Cluster‐randomised studies For each included study, we will determine whether the unit of analysis is appropriate for the unit of randomisation and the design of that study (i.e. whether the number of observations match the number of randomised 'units' (Deeks 2011)). The presence of cluster‐randomised trials is unlikely because such a design is uncommon in this field. However, if we encounter such trials, we will use the intraclass correlation coefficient (ICC) to convert trials to their effective sample size before incorporating them into the meta‐analysis, as recommended in the Cochrane Handbook for Systematic Reviews of Interventions (Higgins 2011b). If the ICC is not available, we will use values from the published literature as an external source, when available, as well as contacting the study authors and requesting them to supply more data to allow calculation of an ICC estimate (Campbell 2000). We will only use the ICC to calculate the effective sample size or the effective SD for those cluster‐randomised trials that do not account for the cluster effects. We will label such studies with a C.
Assessment of reporting bias If there are more than 10 studies grouped in a comparison, we will evaluate whether reporting biases are present by using funnel plots to investigate any relationship between effect estimates and study size or precision, or both, as recommended in the Cochrane Handbook for Systematic Reviews of Interventions (Sterne 2011).
Due to the small number of studies expected, no formal test for plot asymmetry is planned.
Subgroup analysis and investigation of heterogeneity
  • Mode of delivery of baby (vaginal vs caesarean section).

  • Short‐term and long‐term follow‐up (< 4 weeks vs ≥ 4 weeks of treatment).

  • Low‐quality trials vs high‐quality trials (allocation concealment vs lack of allocation concealment; blinding vs lack of blinding).

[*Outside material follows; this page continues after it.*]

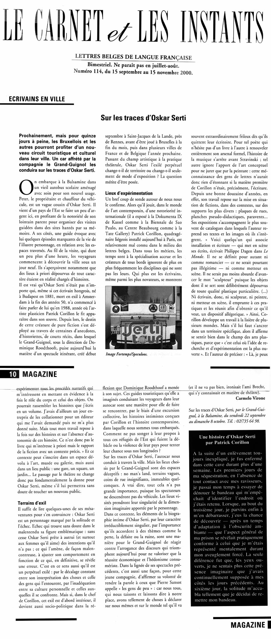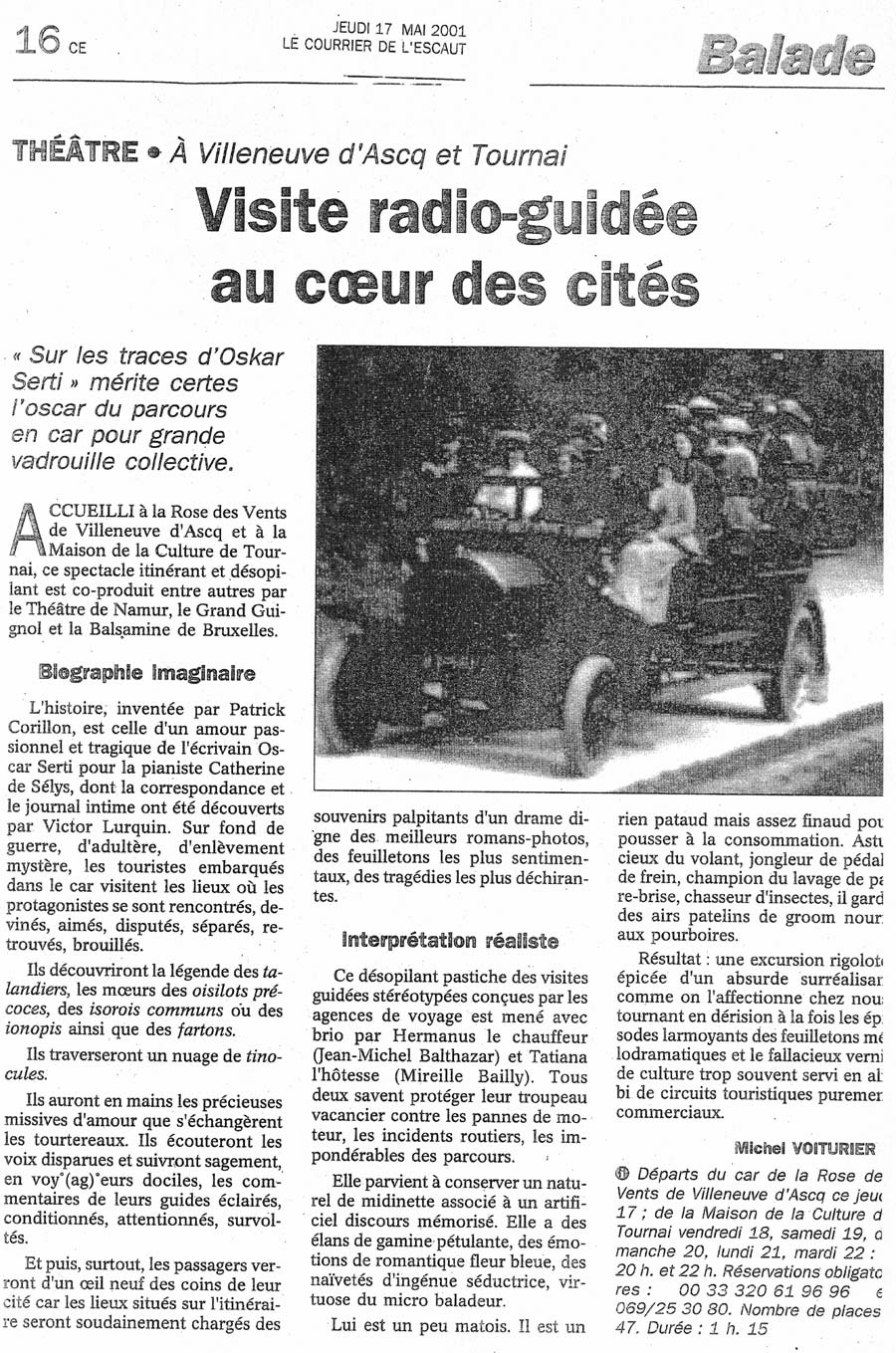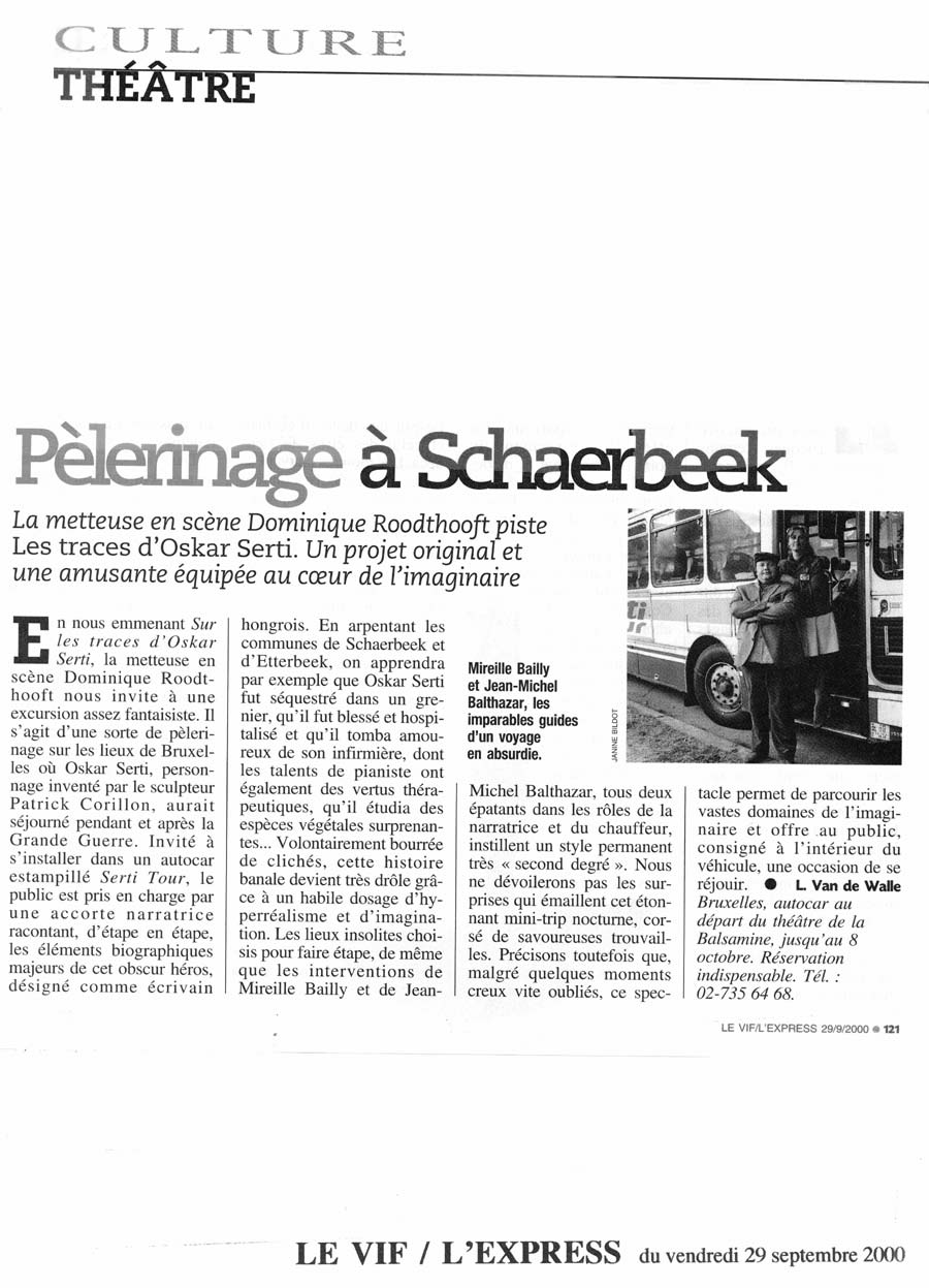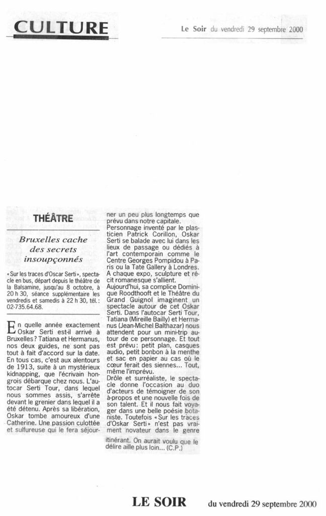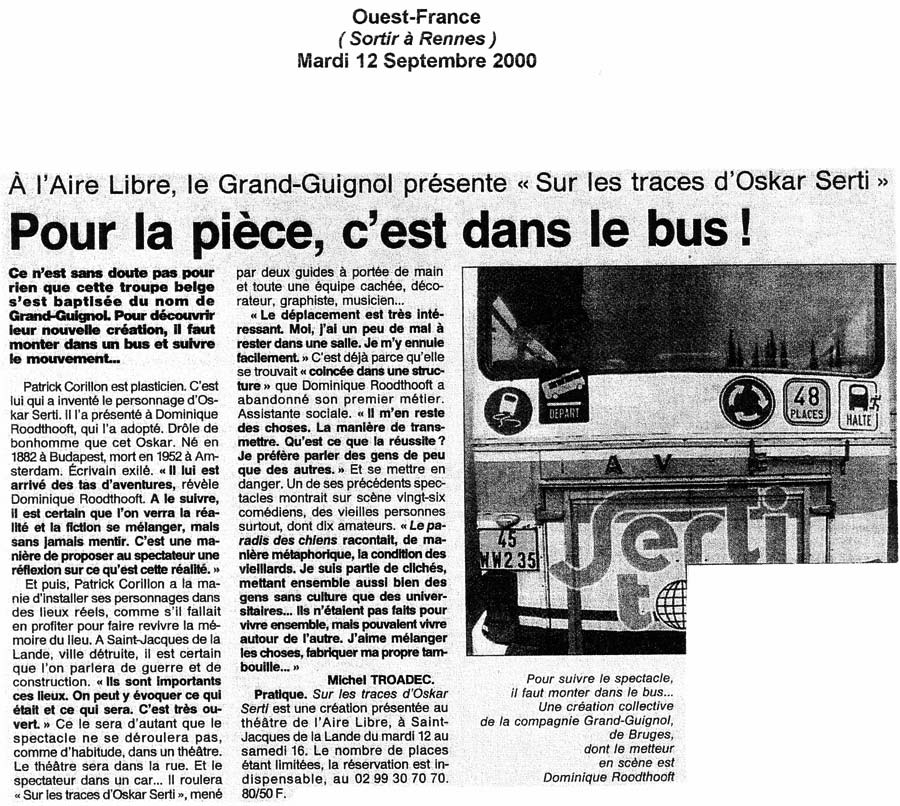 Ce spectacle a pris la forme d’une visite guidée en car dans laquelle la réalité des lieux et les aventures fictionnelles d’Oskar Serti se rejoignent étroitement pour devenir finalement un voyage au cœur de l’imaginaire de chacun.

Sensitivity analysis We will conduct sensitivity analyses to determine whether findings are sensitive to the following:
  • bias, by restricting the analyses to studies judged to be at low risk of bias for blinded assessment of the primary outcome;

  • imputed data, by calculating the treatment effect including and excluding the imputed data to assess whether this alters the outcome of the analysis;

  • dropouts and exclusions, by conducting worst‐case vs best‐case scenario analyses;

  • the definition of colic used, by conducting analyses on studies using the stringent Wessel definition of infant colic (Wessel 1954), the more recent definition given by Hyman 2006, and a non‐recognised definition.